§ What is required:
Leave out the pictures and retype exactly the lines from the line with "J’ai choisi un" through the end of the listing below.

§ The data:
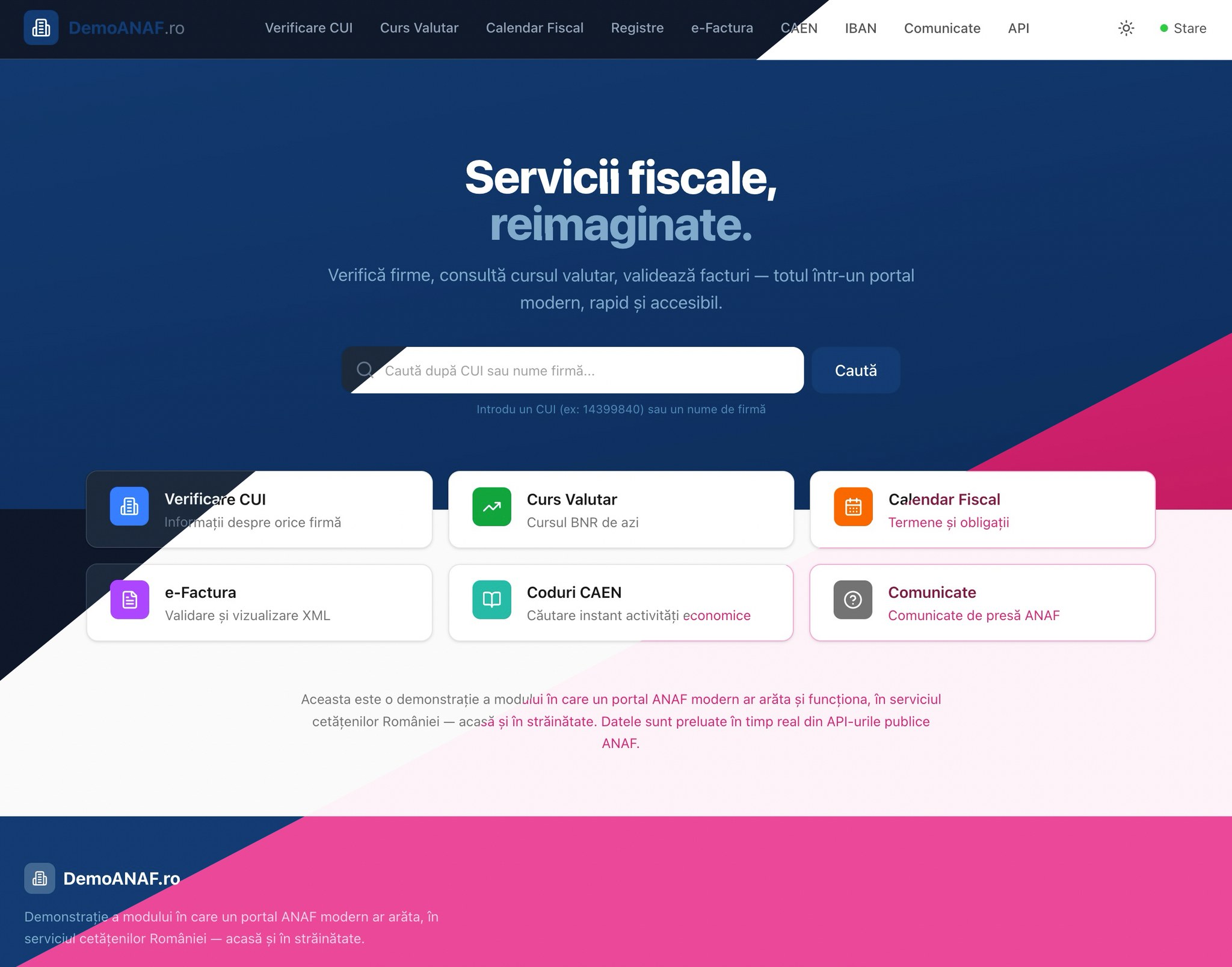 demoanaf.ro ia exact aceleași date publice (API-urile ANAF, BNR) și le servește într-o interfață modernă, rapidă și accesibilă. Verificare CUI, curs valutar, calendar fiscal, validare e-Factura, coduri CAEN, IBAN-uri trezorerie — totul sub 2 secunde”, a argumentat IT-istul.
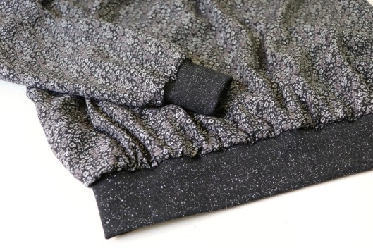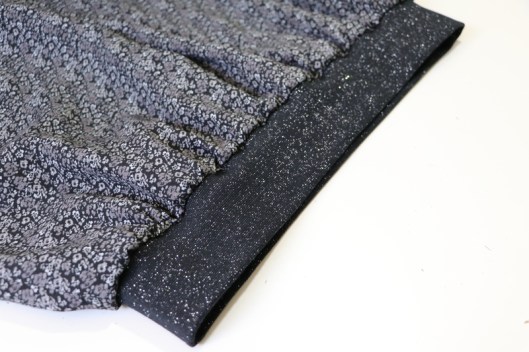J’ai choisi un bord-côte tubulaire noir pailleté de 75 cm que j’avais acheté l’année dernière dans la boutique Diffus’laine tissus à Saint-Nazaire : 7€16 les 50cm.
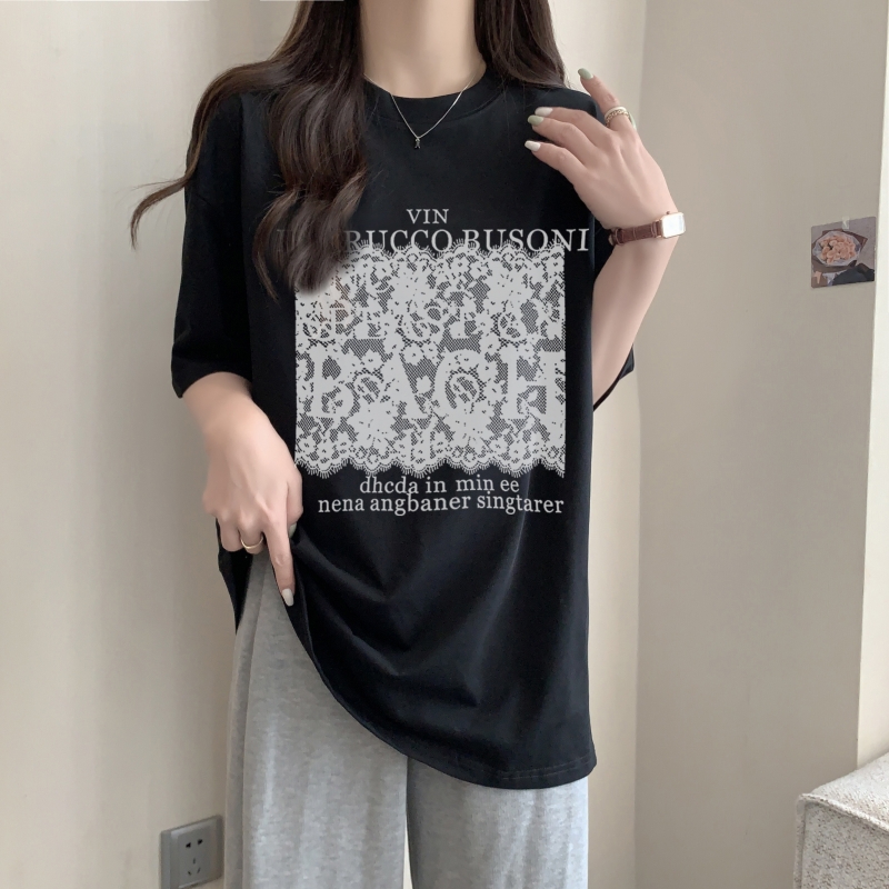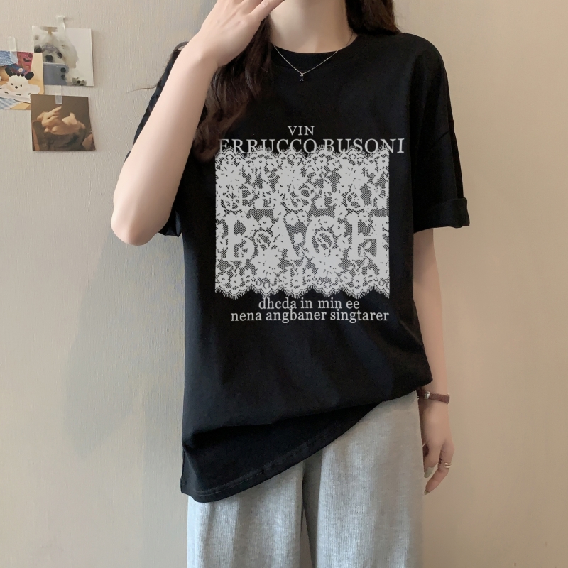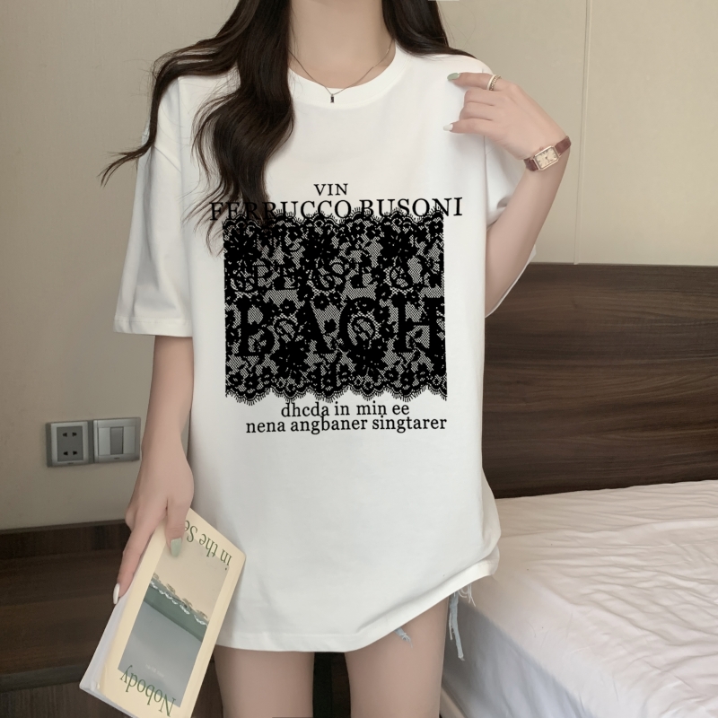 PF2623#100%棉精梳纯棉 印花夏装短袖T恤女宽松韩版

§ Result of the exercise:
J’ai choisi un bord-côte tubulaire noir pailleté de 75 cm que j’avais acheté l’année dernière dans la boutique Diffus’laine tissus à Saint-Nazaire : 7€16 les 50cm.
 PF2623#100%棉精梳纯棉 印花夏装短袖T恤女宽松韩版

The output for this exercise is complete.